We extract the stations object using SplitJson processor
Finally we use the PutHBaseJson processor we ingest the data to the destination HBase Table created above. Notice that I am trying to randomly assign row identifier so that eventually I get multiple rows versions for the same identifier
The PutHBaseJson processor uses the HBase Client Controller Servicer to connect to HBase using Kerberos credentials.

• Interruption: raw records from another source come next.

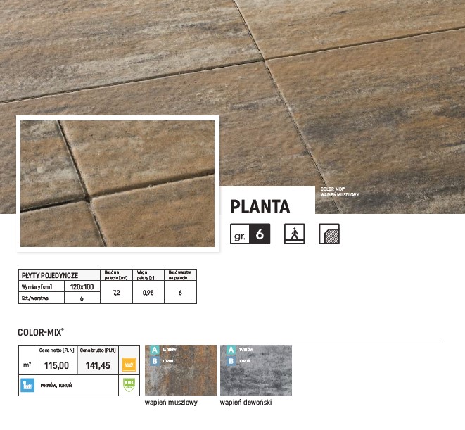 Płyta planta Ilość na palecie[m2] Waga palety[t]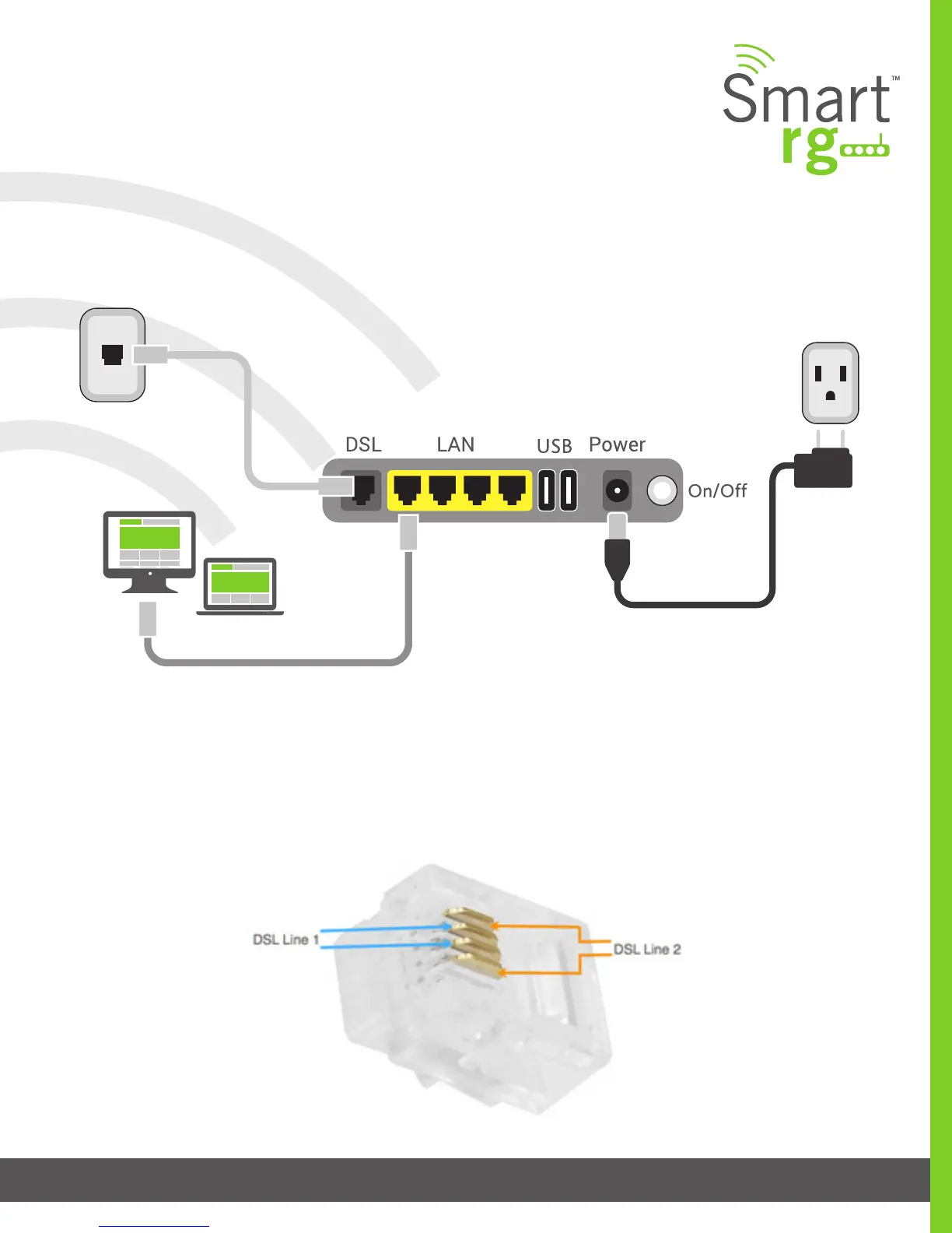 Below is a generic representation of a SmartRG gateway, however your specic model may have greater or fewer ports and con-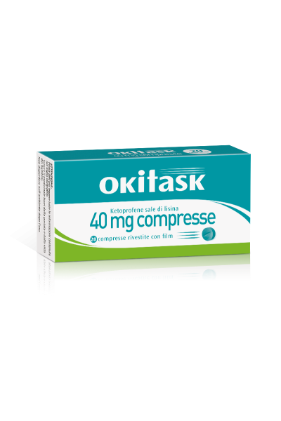 AvvertenzeAvvertenze Gli effetti indesiderati possono essere minimizzati con l’uso della più bassa dose efficace per la più breve durata possibile di trattamento che occorre per controllare i sintomi (vedere i paragrafi sottostanti sui rischi gastrointestinali e cardiovascolari). Cautela deve essere prestata ai pazienti che assumono farmaci concomitanti che potrebbero aumentare il rischio di ulcerazione o emorragia, come corticosteroidi orali, anticoagulanti come warfarin, inibitori selettivi del reuptake della serotonina o agenti antiaggreganti come l’aspirina (vedere paragrafo 4.5). L’uso concomitante di okitask con altri FANS, inclusi gli inibitori selettivi delle cicloossigenasi–2, deve essere evitato. Emorragia gastrointestinale, ulcerazione e perforazione: durante il trattamento con tutti i FANS, in qualsiasi momento, con o senza sintomi di preavviso o precedente storia di gravi eventi gastrointestinali, sono state riportate emorragia gastrointestinale, ulcerazione e perforazione, che possono essere fatali. Negli anziani e in pazienti con storia di ulcera, soprattutto se complicata da emorragia o perforazione (vedere paragrafo 4.3), il rischio di emorragia gastrointestinale, ulcerazione o perforazione è più alto con dosi aumentate di FANS. Questi pazienti devono iniziare il trattamento con la dose più bassa possibile. L’uso concomitante di agenti protettori (misoprostolo o inibitori di pompa protonica) deve essere considerato per questi pazienti e anche per pazienti che assumono in concomitanza basse dosi di aspirina o altri farmaci che possono aumentare il rischio di eventi gastrointestinali (vedere sotto e paragrafo 4.5). Pazienti con storia di tossicità gastrointestinale, specialmente se anziani, devono riferire qualsiasi sintomo addominale (soprattutto sanguinamento gastrointestinale) in particolare nelle fasi iniziali del trattamento. Anziani: i pazienti anziani hanno una frequenza aumentata di reazioni avverse ai FANS, specialmente emorragie e perforazioni gastrointestinali, che possono essere fatali (vedere paragrafo 4.2). Quando si verifica emorragia o ulcerazione gastrointestinale in pazienti che assumono okitask il trattamento deve essere sospeso. Gravi reazioni cutanee alcune delle quali fatali, incluse dermatite esfoliativa, sindrome di Stevens–Johnson e necrolisi tossica epidermica, sono state riportate molto raramente in associazione con l’uso dei FANS (vedere paragrafo 4.8). Nelle prime fasi della terapia i pazienti sembrano essere a più alto rischio: l’insorgenza della reazione si verifica nella maggior parte dei casi entro il primo mese di trattamento. okitask deve essere interrotto alla prima comparsa di rash cutaneo, lesioni della mucosa o qualsiasi altro segno di ipersensibilità. Studi clinici e dati epidemiologici suggeriscono che l’uso di alcuni FANS (specialmente ad alti dosaggi e per trattamenti di lunga durata) può essere associato ad un aumento del rischio di eventi trombotici arteriosi (p. es. infarto del miocardio o ictus). Non sono attualmente disponibili dati sufficienti per escludere un rischio simile per ketoprofene quando esso è somministrato alla dose giornaliera di una compressa, in dose singola, o ripetuta 2–3 volte al giorno. okitask non influisce su diete ipocaloriche o controllate e può essere somministrato anche a pazienti diabetici. Precauzioni Pazienti con ulcera peptica attiva o con storia di ulcera peptica. I FANS devono essere somministrati con cautela nei pazienti con una storia di malattia gastrointestinale (colite ulcerosa, morbo di Crohn) poichè tali condizioni possono essere esacerbate (vedere paragrafo 4.8). All’inizio del trattamento, la funzionalità renale deve essere attentamente monitorata nei pazienti con insufficienza cardiaca, cirrosi e nefrosi, nei pazienti che ricevono una terapia diuretica, in pazienti con compromissione renale cronica, in particolare se i pazienti sono anziani. In questi pazienti, la somministrazione di ketoprofene può provocare una diminuzione del flusso ematico renale causata dall’inibizione delle prostaglandine e portare ad uno scompenso renale. Cautela è richiesta prima di iniziare il trattamento nei pazienti con anamnesi positiva per ipertensione e/o insufficienza cardiaca congestizia da lieve a moderata poiché in associazione al trattamento con i FANS sono stati riscontrati ritenzione di liquidi, ipertensione ed edema. Come per gli altri FANS, in presenza di una infezione, bisogna tenere in considerazione che le proprietà antiinfiammatorie, analgesiche e antipiretiche del ketoprofene possono mascherare i sintomi comuni della progressione dell’infezione come per esempio la febbre. In pazienti con valori della funzione epatica anormali o con storia di malattia epatica, i livelli di transaminasi devono essere valutati periodicamente, specialmente durante la terapia a lungo termine. Con l’uso di ketoprofene, sono stati riferiti rari casi di ittero ed epatite. Per fertilità, gravidanza e allattamento, vedere paragrafo 4.6. I pazienti che presentano asma associata a rinite cronica e allergica, sinusite cronica e/o poliposi nasale sono maggiormente esposti al rischio di allergie all’acido acetilsalicilico e/o ai FANS rispetto al resto della popolazione. La somministrazione di questo medicinale può provocare attacco di asma o broncospasmo, soprattutto nei soggetti allergici all’acido acetilsalicilico o ai FANS (vedere paragrafo 4.3). Pertanto in questi soggetti, nonché in caso di broncopneumopatia ostruttiva cronica o di nefropatia, il prodotto va impiegato soltanto sotto controllo medico. Come per altri FANS, pazienti con ipertensione non controllata, insufficienza cardiaca congestizia, cardiopatia ischemica accertata, malattia arteriosa periferica e/o malattia cerebrovascolare devono essere trattati con ketoprofene soltanto dopo attenta valutazione. Analoghe considerazioni devono essere effettuate prima di iniziare un trattamento di lunga durata in pazi
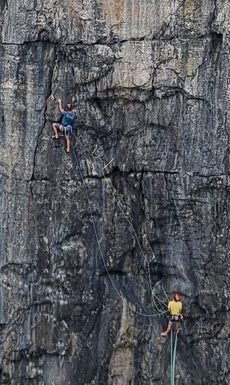 Wanted to do this since I was about 15, always thought I’d onsight it when I was older and better. Now I’m a fair bit older, only a little bit better, and much less bold than I was then! Hadn’t even planned to do it today but it caught my eye on the ab down to do Mysteries. Couldn’t justify the risk of the onsight to myself, did one run on toprope to clean and make sure there were no nasty surprises, then lead first go placing gear. Still plenty gripping for me! With Dad

hbase(main):002:0> get 'venkataw:nycstations', 99886 , {COLUMN=> ['nycstationfam:station_id','nycstationfam:name','nycstationfam:short_name','nycstationfam:lat','nycstationfam:lon','nycstationfam:region_id','nycstationfam:capacity','nycstationfam:rental_url']}
COLUMN CELL
nycstationfam:capacity timestamp=1507322481470, value=31
nycstationfam:lat timestamp=1507322481470, value=40.71286844
nycstationfam:lon timestamp=1507322481470, value=-73.95698119
nycstationfam:name timestamp=1507322481470, value=Grand St & Havemeyer St
nycstationfam:region_id timestamp=1507322481470, value=71
nycstationfam:rental_url timestamp=1507322481470, value=http://app.citibikenyc.com/S6Lr/IBV092JufD?station_id=471
nycstationfam:short_name timestamp=1507322481470, value=5267.08
nycstationfam:station_id timestamp=1507322481470, value=471
8 row(s) in 0.0600 seconds
get 'venkataw:nycstations', 99828 , {COLUMN=> ['nycstationfam:station_id','nycstationfam:name','nycstationfam:short_name','nycstationfam:lat','nycstationfam:lon','nycstationfam:region_id','nycstationfam:capacity','nycstationfam:rental_url'],VERSIONS => 100}
{done for diff. rowids}
24 row(s) in 0.0200 seconds
16 row(s) in 0.0300 seconds
8 row(s) in 0.0310 seconds
232 row(s) in 0.1850 seconds
8 row(s) in 0.0570 seconds
152 row(s) in 0.0380 seconds
184 row(s) in 0.0420 seconds
208 row(s) in 0.1550 seconds
1 row:-
8 row(s) in 0.0050 seconds
8 row(s) in 0.0040 seconds
8 row(s) in 0.0060 seconds
all versions:-
14765 row(s) in 2.4350 seconds
14351 row(s) in 1.1620 seconds
14572 row(s) in 2.4210 seconds
In the above results
* The green rows are for the latest version reads
* The yellow rows are all version reads
Notice how latest version reads are fairly consistent and have a smaller response times.
Also notice as the number of versions (rows) increase, the response times for all-version reads keep increasing.
So based on this observation, as expected, it would seem like a query to get the latest version would consistently perform well when compared to a query which returns ‘n’ versions.